Background Jobs: Proofing Ruby Workers
Overview
To minimize long-running requests in the IDP, we’ve moved calls that talk to vendors to background jobs. We have implemented those background jobs as jobs using GoodJob.
We currently use proofing jobs for PII verification.
(to update this diagram, edit the Async Architecture file in Figma and re-export it)
The lifecycle of a job:
- The user submits a form to the IDP
- For PII verification jobs, the payload will contain PII:
- First name
- Last name
- Date of Birth
- SSN
- Driver’s license number
- Address
- For PII verification jobs, the payload will contain PII:
- The IDP will enqueue a background job
- Job parameters are persisted to the PSQL database
- Sensitive parameters are symmetrically encrypted by a server-side IDP key (see notes on server-side encryption)

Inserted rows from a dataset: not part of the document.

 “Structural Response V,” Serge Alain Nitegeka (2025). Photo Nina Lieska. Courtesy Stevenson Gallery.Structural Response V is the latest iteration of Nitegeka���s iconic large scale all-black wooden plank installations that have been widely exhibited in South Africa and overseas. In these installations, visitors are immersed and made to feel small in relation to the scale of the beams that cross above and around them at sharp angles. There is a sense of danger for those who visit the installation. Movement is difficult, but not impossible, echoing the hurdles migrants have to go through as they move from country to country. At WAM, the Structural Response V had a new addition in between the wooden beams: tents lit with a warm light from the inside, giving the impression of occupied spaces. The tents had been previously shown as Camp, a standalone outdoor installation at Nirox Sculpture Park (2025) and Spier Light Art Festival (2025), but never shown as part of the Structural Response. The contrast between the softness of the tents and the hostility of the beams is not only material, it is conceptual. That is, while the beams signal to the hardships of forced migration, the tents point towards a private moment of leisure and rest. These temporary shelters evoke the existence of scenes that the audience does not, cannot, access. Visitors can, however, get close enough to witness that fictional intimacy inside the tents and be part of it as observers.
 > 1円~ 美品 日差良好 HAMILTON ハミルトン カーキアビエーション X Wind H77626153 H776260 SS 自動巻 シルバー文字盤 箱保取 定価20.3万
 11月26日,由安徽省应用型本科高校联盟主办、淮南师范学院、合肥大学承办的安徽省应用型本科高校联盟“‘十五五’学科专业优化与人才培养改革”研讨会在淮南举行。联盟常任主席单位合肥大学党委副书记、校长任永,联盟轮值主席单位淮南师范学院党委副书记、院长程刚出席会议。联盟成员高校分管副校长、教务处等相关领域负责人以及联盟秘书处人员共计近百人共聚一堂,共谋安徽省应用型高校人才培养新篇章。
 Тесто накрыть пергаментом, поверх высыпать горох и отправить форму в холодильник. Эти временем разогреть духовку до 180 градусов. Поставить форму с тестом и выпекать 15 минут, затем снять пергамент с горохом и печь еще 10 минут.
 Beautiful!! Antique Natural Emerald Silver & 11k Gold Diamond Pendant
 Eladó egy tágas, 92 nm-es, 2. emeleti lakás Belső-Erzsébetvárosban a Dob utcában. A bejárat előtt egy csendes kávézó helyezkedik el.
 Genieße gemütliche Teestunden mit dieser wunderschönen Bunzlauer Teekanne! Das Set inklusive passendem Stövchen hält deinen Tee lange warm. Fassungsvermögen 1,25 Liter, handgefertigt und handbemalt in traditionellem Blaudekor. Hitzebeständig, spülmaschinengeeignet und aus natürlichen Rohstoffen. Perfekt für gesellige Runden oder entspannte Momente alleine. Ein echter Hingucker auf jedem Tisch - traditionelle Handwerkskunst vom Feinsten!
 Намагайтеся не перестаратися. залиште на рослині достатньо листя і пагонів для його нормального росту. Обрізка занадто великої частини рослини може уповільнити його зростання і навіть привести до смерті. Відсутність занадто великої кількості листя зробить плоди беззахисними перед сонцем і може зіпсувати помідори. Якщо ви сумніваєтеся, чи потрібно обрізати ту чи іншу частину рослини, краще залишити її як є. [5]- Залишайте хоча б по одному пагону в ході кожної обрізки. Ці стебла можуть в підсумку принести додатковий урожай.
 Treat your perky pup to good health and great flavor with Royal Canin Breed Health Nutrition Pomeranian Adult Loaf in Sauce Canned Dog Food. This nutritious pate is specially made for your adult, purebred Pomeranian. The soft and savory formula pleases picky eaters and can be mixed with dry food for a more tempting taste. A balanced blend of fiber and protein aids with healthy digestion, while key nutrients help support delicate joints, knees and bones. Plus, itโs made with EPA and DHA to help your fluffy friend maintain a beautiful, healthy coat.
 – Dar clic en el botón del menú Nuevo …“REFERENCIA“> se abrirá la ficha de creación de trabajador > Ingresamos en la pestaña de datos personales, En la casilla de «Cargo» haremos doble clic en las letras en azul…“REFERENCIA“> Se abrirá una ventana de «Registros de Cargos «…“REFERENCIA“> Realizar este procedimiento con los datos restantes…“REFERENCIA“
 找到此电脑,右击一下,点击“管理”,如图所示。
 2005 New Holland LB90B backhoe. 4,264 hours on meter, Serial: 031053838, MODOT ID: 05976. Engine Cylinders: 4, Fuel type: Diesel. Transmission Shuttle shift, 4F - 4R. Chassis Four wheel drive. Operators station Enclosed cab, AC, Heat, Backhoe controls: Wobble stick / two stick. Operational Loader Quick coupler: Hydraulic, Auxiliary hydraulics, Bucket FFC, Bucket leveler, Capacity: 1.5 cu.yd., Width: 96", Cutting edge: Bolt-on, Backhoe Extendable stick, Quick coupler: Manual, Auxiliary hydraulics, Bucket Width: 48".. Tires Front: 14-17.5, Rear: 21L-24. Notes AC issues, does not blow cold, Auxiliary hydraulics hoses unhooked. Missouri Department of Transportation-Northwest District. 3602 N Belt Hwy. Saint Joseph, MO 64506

- The IDP will show a waiting page to the user
- The Worker host polls the background jobs table. When it pulls a job:
- Writes to the jobs table to mark the job as claimed
- It will make HTTP requests via our outbound proxy to vendors
- The request to the vendors will include PII
- When the worker process is done, it will
- Update the jobs table to mark the job as done, and
- Store the result (which may contain PII) in Redis, symmetrically encrypted and with a 60 second expiration.
- PII in the payload may include data from reading the driver’s license
- First name
- Last name
- Date of Birth
- Driver’s license number
- Address
- The user waiting page will be polling for the result of the background job, where the IDP will
check Redis for the result for that particular job. Once it is complete, the user will continue
to the next step of the flow.
- If after 60 seconds the IDP has not seen a response for the job, the IDP will decide the job has timed out, and show an error screen to the user, giving them an option to retry.
Server-Side Encryption
The server stores job arguments in RDS. The Ruby code encrypts arguments that contain PII
using the same encryption to encode a session: AES-256-GCM inside of an AWS KMS-encrypted message.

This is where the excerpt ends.